When planning Writing lessons, teachers use the Power of Reading scheme as a starting point and make links to other areas of the curriculum to ensure that cross curricular links provide further context for learning. Teaching blocks focus on fiction, non-fiction or poetry, in line with the 2014 National Curriculum and comprehension, grammar and writing are embedded in lessons. Lessons sequences themselves build progressively towards an extended piece of writing.
In Early Years letter formation is taught daily as part of the phonics sessions. In key stage one and two cursive handwriting is taught. This happens daily in Key Stage one and three times a week in Key Stage two. The children can earn their pen licence if they meet the expectation set.

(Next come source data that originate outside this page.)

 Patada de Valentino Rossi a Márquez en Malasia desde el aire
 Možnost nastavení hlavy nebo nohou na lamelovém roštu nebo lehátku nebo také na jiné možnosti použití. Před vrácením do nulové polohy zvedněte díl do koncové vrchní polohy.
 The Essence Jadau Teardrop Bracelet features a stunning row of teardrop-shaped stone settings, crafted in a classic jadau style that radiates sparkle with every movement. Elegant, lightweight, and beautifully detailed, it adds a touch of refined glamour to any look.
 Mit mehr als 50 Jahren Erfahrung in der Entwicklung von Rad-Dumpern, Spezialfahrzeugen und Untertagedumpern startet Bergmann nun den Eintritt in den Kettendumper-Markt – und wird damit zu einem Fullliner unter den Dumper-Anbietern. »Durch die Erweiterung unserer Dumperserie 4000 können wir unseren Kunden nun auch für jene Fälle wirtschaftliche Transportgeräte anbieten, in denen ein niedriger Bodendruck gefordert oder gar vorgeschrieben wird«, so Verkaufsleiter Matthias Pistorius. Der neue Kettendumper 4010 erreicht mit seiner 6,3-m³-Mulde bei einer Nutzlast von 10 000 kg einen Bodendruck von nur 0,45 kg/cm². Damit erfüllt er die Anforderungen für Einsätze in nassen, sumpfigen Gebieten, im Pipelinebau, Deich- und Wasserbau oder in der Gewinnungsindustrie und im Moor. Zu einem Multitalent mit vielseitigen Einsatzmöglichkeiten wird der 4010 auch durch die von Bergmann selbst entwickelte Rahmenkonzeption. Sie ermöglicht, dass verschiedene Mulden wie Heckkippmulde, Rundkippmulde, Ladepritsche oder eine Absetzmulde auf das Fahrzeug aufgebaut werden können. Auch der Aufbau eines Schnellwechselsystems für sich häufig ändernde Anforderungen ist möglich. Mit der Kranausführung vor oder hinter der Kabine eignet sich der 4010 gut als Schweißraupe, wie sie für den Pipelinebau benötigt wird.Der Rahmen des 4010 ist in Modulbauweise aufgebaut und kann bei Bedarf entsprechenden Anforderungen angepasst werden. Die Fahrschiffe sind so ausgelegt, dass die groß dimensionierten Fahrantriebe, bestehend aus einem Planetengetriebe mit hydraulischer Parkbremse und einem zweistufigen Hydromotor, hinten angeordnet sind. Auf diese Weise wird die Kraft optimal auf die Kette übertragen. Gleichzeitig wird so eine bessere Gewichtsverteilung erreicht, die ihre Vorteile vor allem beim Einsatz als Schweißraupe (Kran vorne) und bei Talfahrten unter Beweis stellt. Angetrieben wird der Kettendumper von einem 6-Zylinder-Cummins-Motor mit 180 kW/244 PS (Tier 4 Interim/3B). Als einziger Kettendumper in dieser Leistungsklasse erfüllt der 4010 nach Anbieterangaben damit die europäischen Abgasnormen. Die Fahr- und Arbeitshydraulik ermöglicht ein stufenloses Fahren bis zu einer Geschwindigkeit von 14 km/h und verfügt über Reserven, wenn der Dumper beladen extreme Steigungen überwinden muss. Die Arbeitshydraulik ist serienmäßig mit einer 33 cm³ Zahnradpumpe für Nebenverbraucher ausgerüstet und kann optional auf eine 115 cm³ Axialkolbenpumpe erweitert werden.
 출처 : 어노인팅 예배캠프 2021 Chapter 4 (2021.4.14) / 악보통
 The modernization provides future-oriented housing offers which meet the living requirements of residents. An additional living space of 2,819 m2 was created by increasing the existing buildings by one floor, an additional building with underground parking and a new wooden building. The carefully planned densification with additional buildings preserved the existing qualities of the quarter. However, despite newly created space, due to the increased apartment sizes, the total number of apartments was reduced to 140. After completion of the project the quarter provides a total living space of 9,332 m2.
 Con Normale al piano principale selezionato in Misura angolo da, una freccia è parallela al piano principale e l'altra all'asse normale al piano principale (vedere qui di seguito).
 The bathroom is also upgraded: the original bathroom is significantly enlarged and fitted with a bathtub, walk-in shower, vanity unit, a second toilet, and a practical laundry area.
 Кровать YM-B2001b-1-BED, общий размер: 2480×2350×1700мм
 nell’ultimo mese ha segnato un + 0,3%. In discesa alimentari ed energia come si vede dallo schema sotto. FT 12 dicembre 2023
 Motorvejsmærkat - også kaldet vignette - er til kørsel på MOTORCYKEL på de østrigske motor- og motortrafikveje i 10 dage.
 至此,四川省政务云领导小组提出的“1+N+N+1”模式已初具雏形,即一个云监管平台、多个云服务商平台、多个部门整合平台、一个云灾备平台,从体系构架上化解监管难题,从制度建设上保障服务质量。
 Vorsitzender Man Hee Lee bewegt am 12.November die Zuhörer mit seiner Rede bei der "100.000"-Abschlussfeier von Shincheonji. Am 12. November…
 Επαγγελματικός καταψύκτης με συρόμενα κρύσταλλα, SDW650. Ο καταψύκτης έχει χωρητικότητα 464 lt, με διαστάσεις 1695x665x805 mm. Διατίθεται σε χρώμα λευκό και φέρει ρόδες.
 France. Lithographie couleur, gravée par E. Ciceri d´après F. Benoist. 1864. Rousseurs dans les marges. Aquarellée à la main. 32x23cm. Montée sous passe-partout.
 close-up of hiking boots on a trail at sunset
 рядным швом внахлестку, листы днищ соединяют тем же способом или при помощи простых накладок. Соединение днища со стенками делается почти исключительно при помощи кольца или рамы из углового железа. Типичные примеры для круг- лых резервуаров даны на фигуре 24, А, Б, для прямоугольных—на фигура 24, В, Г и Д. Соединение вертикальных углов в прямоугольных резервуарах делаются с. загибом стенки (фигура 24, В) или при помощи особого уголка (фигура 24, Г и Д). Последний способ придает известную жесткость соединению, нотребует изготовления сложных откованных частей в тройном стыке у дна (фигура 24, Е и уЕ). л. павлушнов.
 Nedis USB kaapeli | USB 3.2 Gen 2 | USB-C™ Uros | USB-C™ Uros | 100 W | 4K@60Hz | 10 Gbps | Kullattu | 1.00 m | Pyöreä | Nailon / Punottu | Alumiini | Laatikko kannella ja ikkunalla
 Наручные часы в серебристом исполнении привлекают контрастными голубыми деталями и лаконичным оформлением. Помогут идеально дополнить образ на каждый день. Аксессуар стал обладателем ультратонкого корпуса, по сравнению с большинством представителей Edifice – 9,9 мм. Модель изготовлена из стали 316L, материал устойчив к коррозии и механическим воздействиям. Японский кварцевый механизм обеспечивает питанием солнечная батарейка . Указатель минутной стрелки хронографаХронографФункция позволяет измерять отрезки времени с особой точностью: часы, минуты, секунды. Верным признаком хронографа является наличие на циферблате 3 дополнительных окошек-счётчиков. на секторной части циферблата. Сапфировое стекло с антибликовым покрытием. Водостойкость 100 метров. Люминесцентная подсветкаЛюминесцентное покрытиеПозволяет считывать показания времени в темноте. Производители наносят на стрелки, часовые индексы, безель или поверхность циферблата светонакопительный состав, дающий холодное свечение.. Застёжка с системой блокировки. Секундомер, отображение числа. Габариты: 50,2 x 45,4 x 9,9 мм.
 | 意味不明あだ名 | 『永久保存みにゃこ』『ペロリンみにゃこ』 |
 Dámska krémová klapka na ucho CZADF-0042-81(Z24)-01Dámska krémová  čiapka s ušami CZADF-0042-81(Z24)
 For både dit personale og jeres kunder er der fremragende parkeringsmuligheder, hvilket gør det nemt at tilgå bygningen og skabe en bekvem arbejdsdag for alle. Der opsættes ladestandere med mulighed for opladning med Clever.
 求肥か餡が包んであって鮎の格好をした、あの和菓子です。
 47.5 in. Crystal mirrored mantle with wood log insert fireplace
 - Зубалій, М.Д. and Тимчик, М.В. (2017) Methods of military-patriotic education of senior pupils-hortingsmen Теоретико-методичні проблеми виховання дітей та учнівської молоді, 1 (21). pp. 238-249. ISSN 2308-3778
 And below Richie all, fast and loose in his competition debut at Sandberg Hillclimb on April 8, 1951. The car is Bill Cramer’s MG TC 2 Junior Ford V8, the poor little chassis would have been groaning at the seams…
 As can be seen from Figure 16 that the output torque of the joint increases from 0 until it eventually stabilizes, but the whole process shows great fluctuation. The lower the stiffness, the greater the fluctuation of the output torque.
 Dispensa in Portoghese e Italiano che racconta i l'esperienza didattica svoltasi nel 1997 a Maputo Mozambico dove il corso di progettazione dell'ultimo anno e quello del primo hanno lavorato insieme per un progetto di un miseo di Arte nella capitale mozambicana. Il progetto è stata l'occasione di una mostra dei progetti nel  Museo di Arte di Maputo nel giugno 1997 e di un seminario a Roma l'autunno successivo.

Grammar and punctuation knowledge and skills are taught through English lessons as much as possible. Teachers plan to teach the required skills through the genres of writing that they are teaching, linking it to the genre to make it more connected with the intended writing outcome. Teachers sometimes focus on particular grammar and punctuation skills as stand alone lessons, if they feel that the class need additional lessons to embed and develop their understanding or to consolidate skills.
Feedback and marking are completed, where possible, within the lesson, giving the children instant, clear and direct feedback. All marking and feedback are given in line with our marking and feedback policy.
Phonics and Spelling
Spellings are taught according to the rules and words contained in Appendix 1 of the English National Curriculum. Daily, systematic phonic teaching happens in Early Years and Year 1. Through daily phonic sessions children learn to segment words to support their spelling ability and blend sounds to read words. Children work through phases within differentiated phonics groupings, led by class teachers and teaching assistants. Letters and Sounds and RWI phonic materials are used to support their planning. In years 2 to 6 teachers use RWI Spelling Scheme to support their teaching and to provide activities that link to the weekly spellings. Children are given spellings to learn each week and are given a spelling test the following week. Children who need extra support with their phonics remain in differentiated phonic groups and receive interventions if needed to ensure they learn and can apply their phonics in their reading and writing.